* WHAT TO DO
From the line that contains "- 【CANVAS WALL" to the end of the entries, copy each line exactly, though the pictures stay out.

* DATA SHOWN

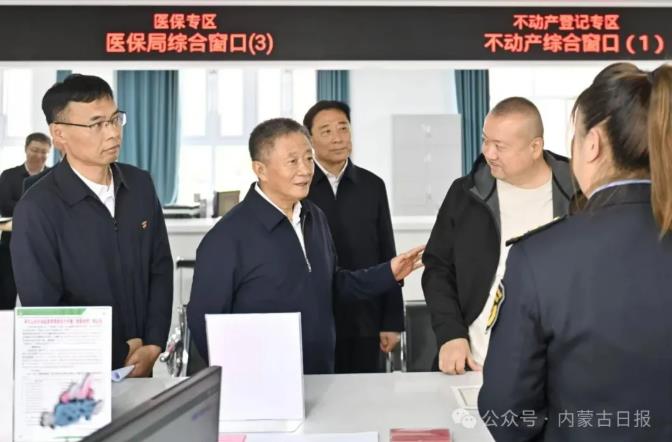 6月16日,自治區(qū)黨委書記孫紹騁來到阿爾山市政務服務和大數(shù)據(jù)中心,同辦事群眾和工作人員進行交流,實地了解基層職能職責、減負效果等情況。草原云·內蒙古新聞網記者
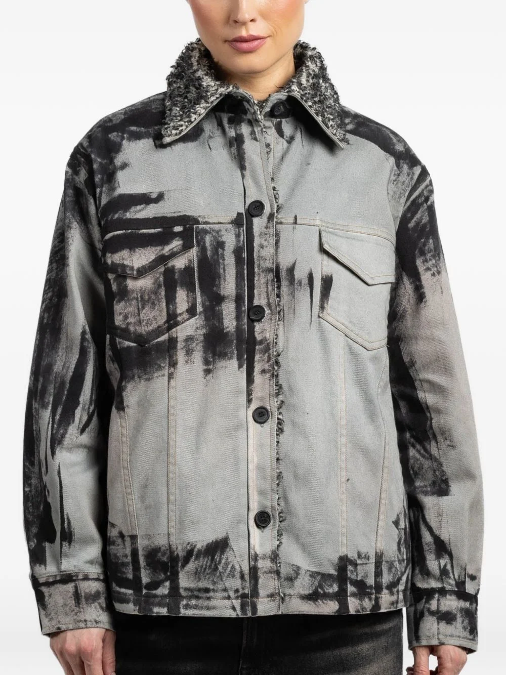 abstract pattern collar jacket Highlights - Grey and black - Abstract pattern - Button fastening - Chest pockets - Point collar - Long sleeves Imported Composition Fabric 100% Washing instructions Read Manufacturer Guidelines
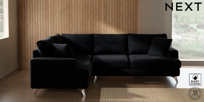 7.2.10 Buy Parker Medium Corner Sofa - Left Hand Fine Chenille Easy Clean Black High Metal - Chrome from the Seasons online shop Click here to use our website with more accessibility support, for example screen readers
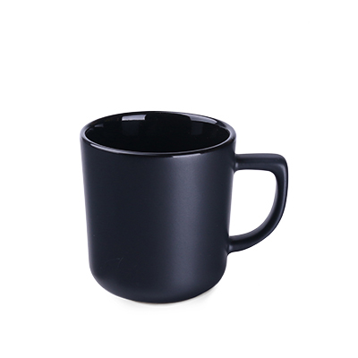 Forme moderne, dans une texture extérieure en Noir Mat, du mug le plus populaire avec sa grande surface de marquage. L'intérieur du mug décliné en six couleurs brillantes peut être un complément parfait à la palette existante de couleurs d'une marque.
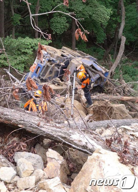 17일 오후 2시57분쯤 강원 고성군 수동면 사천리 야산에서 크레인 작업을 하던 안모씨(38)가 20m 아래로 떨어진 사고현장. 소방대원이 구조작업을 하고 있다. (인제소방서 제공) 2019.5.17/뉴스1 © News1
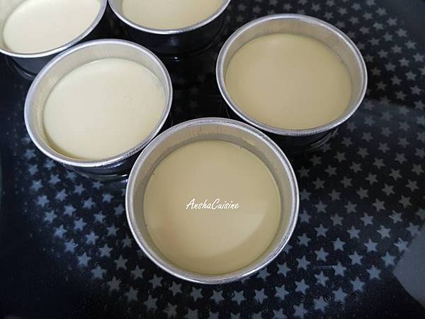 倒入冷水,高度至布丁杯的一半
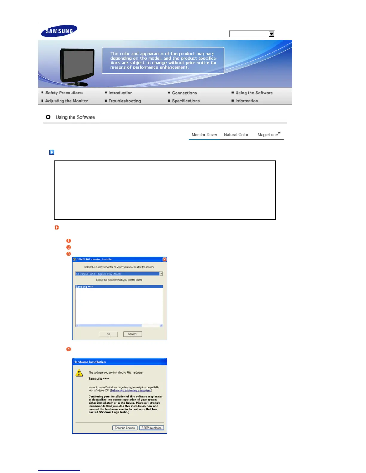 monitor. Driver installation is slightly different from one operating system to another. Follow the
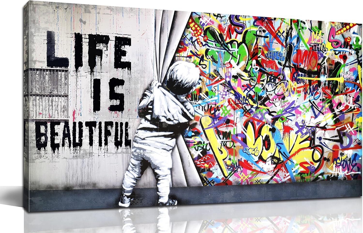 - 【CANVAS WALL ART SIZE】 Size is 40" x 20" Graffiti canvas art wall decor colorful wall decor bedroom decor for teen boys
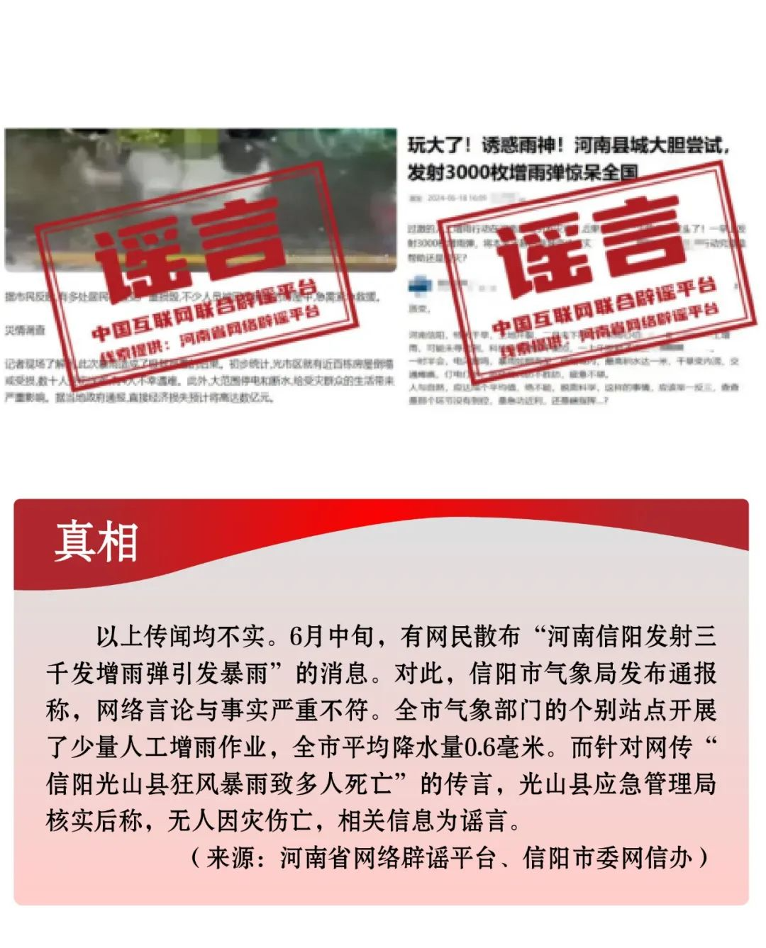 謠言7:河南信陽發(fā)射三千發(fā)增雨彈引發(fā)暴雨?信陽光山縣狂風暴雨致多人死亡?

* OUTPUT OF THE EXERCISE
 - 【CANVAS WALL ART SIZE】 Size is 40" x 20" Graffiti canvas art wall decor colorful wall decor bedroom decor for teen boys
 謠言7:河南信陽發(fā)射三千發(fā)增雨彈引發(fā)暴雨?信陽光山縣狂風暴雨致多人死亡?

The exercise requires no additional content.